Tourisme au milieu d’un voyage largement salué par les médias

Pologne: Jour de repos pour Jean Paul II

Varovie, 9 juin 1999 (APIC) Après avoir rencontré quelque trois millions de personnes au cours des quatre premiers jours de son voyage en Pologne, le pape a pris mercredi une journée de repos. D’une manière générale Jean Paul II continue à faire la une des journaux polonais, toute tendance politique confondue. Les grands titres restent centrés sur le message religieux que le pape transmet à son pays au fil de ses visites.

«Heureux les persécutés pour la justice» titrait mardi en première page le «Zycie Varswy» (La vie de Varsovie); «La saison des nouveaux martyrs», écrivait «Rzeczpospolita» (La République); «La grâce du martyre», titrait «Zycie» (La vie), en référence au Père Popielusko, assassiné par la police communiste; alors que le plus grand quotidien, la «Gazeta Wyborcza» (Journal électoral) né il y a dix ans, décidait d’affronter le thème de la «foi et la raison».

Le directeur de la «Gazeta» a de son côté consacré sa rubrique «Opinion» à la rencontre entre le pape et Mgr Tadeusz Pieronek, ancien secrétaire de la Conférence épiscopale polonaise.

Une enquête publiée il y a quelques jours montre que la grande majorité des polonais (81%) ont une grande affection pour le pape Wojtyla, et considèrent qu’il a joué un rôle décisif pour le bien du pays. 7% ont déclaré ne pas l’apprécier, et les autres sont plus ou moins indifférents. L’hebdomadaire satirique «Nie» (Non), dirigé par l’ancien porte-parole du président Jaruzelski, Jerzy Urban, vient de lancer une campagne contre la décision du gouvernement d’interdire les publicités de sous-vêtements féminins et de bikinis sur les parcours que doit emprunter le pape.

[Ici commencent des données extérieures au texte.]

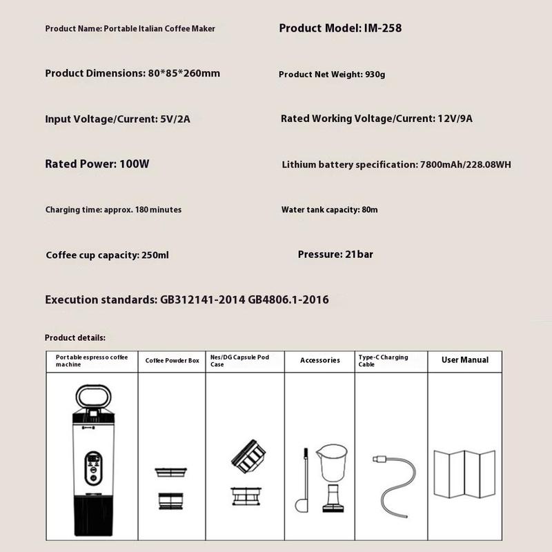 I motsetning til store maskiner kombinerer denne bærbare espressomaskinen kraft, bærbarhet og allsidighet i ett. Enten du er hjemme, på tur, på camping eller på kontoret, sørger den for at du aldri trenger å gå på kompromiss med kaffekvaliteten.

Journée de repos à la campagne

C’est à Wigry, un petit village de deux cents habitants au nord est de la Pologne, près de la frontière lituanienne, que le pape a choisi de reprendre des forces, en cette journée de mercredi. Enfoui dans une végétation luxuriante et entouré de lacs limpides, ce petit village doit son nom au lac Wigry et au vieux monastère construit au XVIIe siècle par des religieux camaldules qui furent pendant des siècles le point de référence de la dévotion populaire mariale dans toute la région. Endommagé puis complètement détruit pendant les deux guerres mondiales, l’ancien monastère a été patiemment reconstruit, grâce aux efforts de l’Eglise et du gouvernement.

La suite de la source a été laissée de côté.